The Datumaro format is a universal format, capable of handling arbitrary datasets and annotations. It is the native format of the Datumaro dataset framework. The framework can be used for various dataset operations, such as dataset and annotation transformations, format conversions, computation of statistics, and dataset merging. This framework is used in CVAT as the dataset support provider.
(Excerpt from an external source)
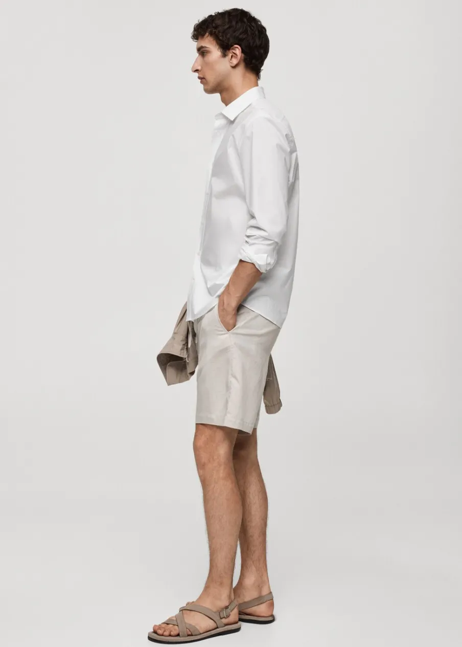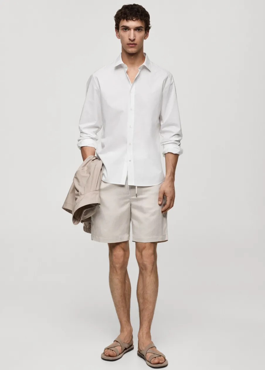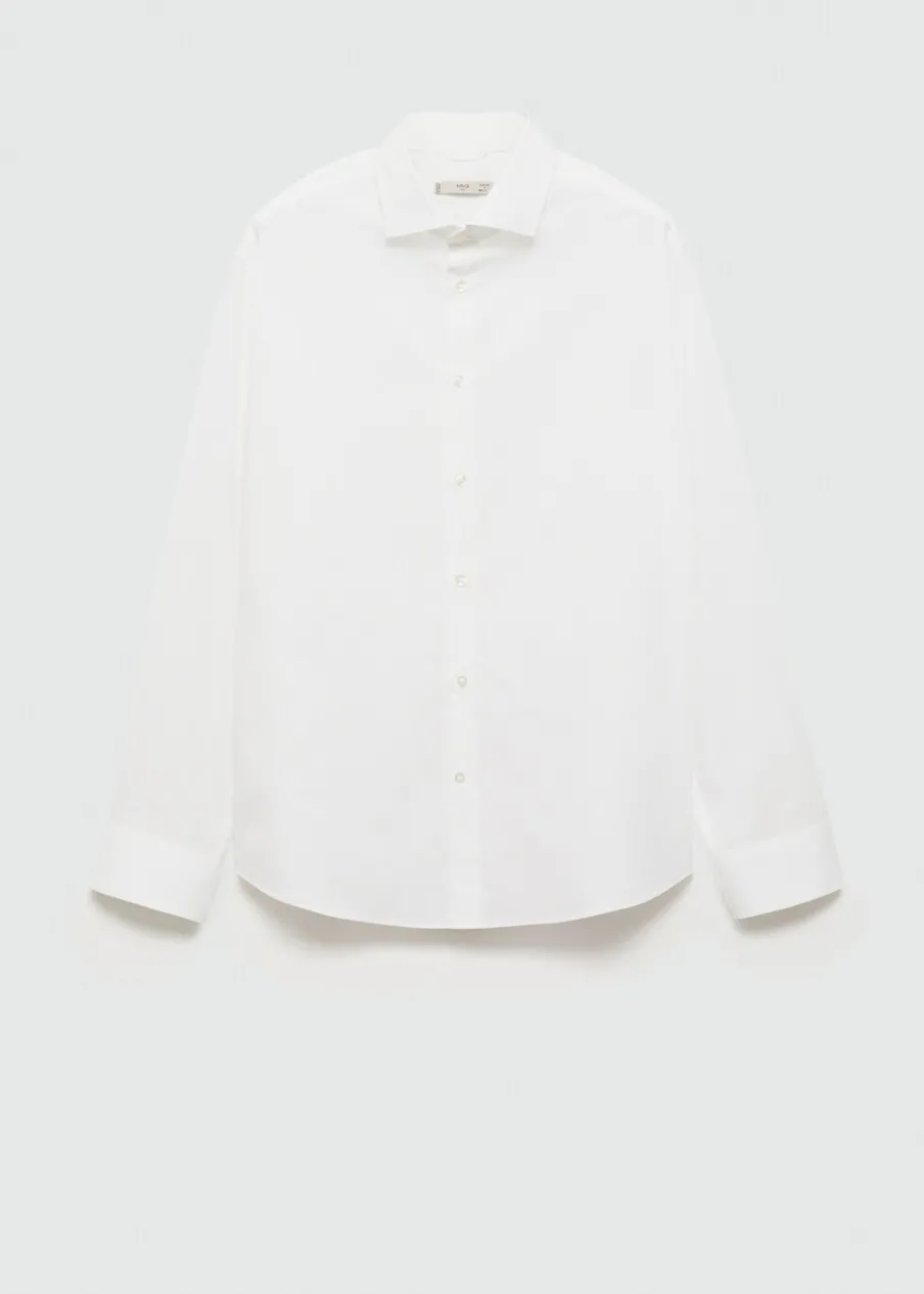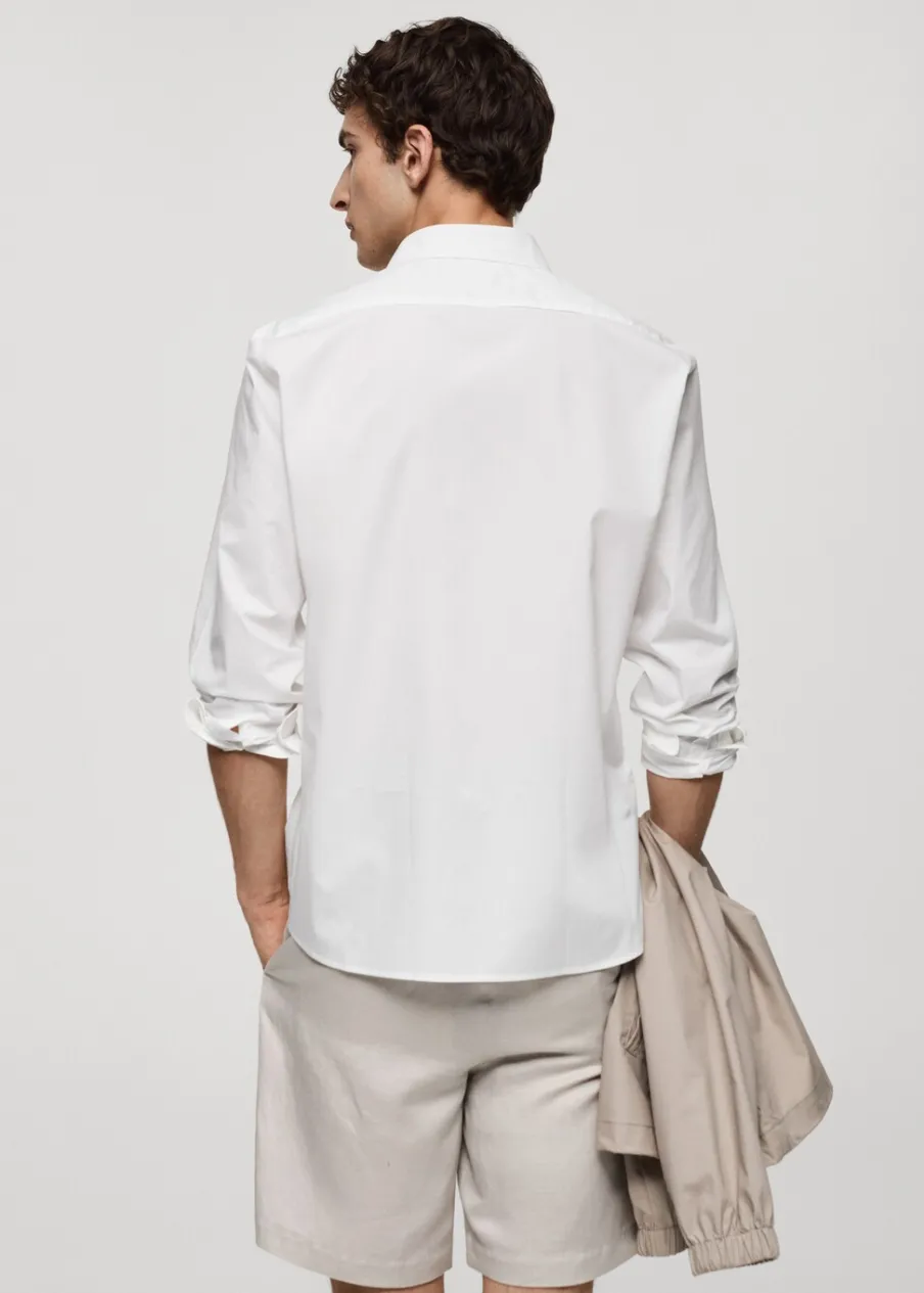 Krój regular. Koszulowy kołnierz. Zapięcie z przodu na guziki. Długi rękaw z guzikami na mankietach. Model ma 187 cm wzrostu i nosi rozmiar M. Zaokrąglony dół. Tkanina z 100% bawełny.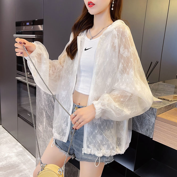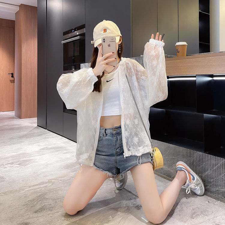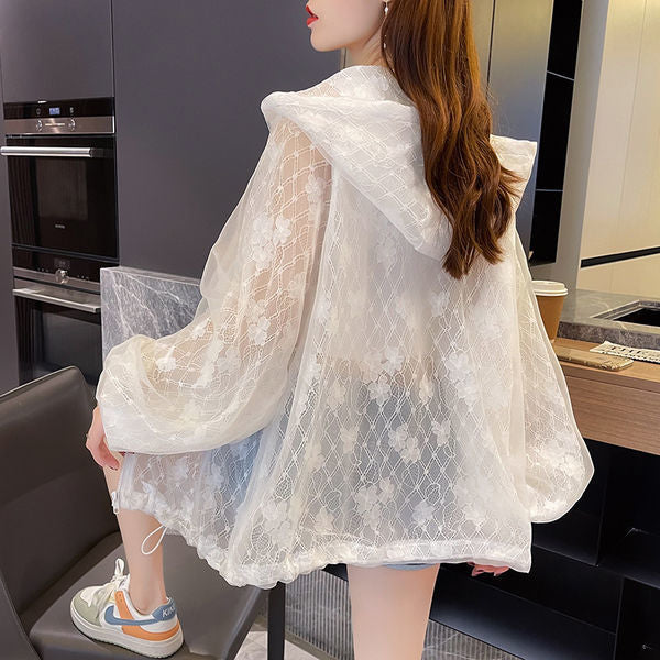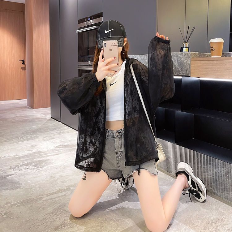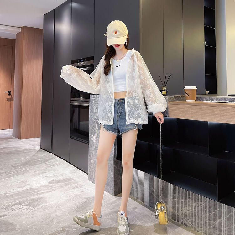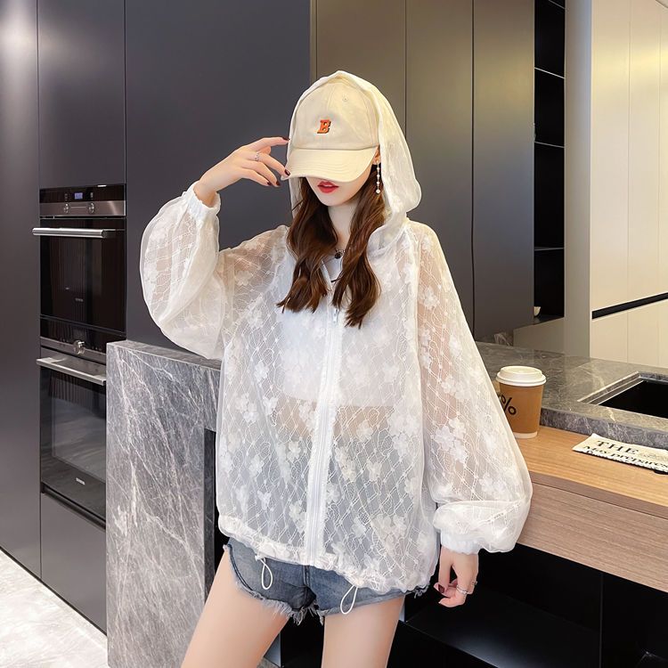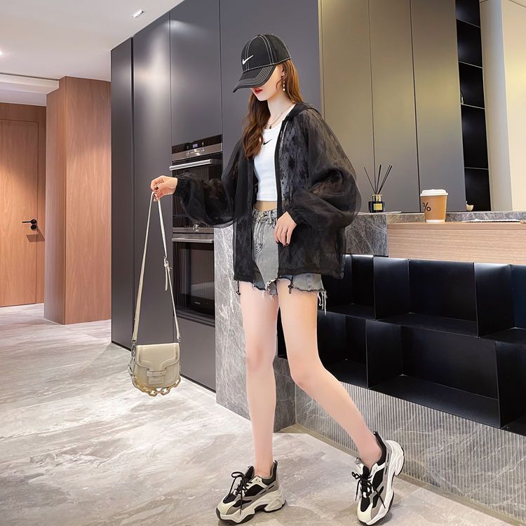 美人度アップ カジュアル 透け感 日焼け対策 チェック柄 パーカー コート-A718

It effectively means that anything you import in CVAT or export from CVAT, can be processed with Datumaro, allowing you to perform custom dataset operations easily.

For more information, see:

Datumaro export

  • Supported annotations: Tags, Bounding Boxes, Polygons, Polylines, Points, Cuboids, Ellipses, Masks, Skeletons.
  • Attributes: Supported.
  • Tracks: Supported (via the track_id attribute).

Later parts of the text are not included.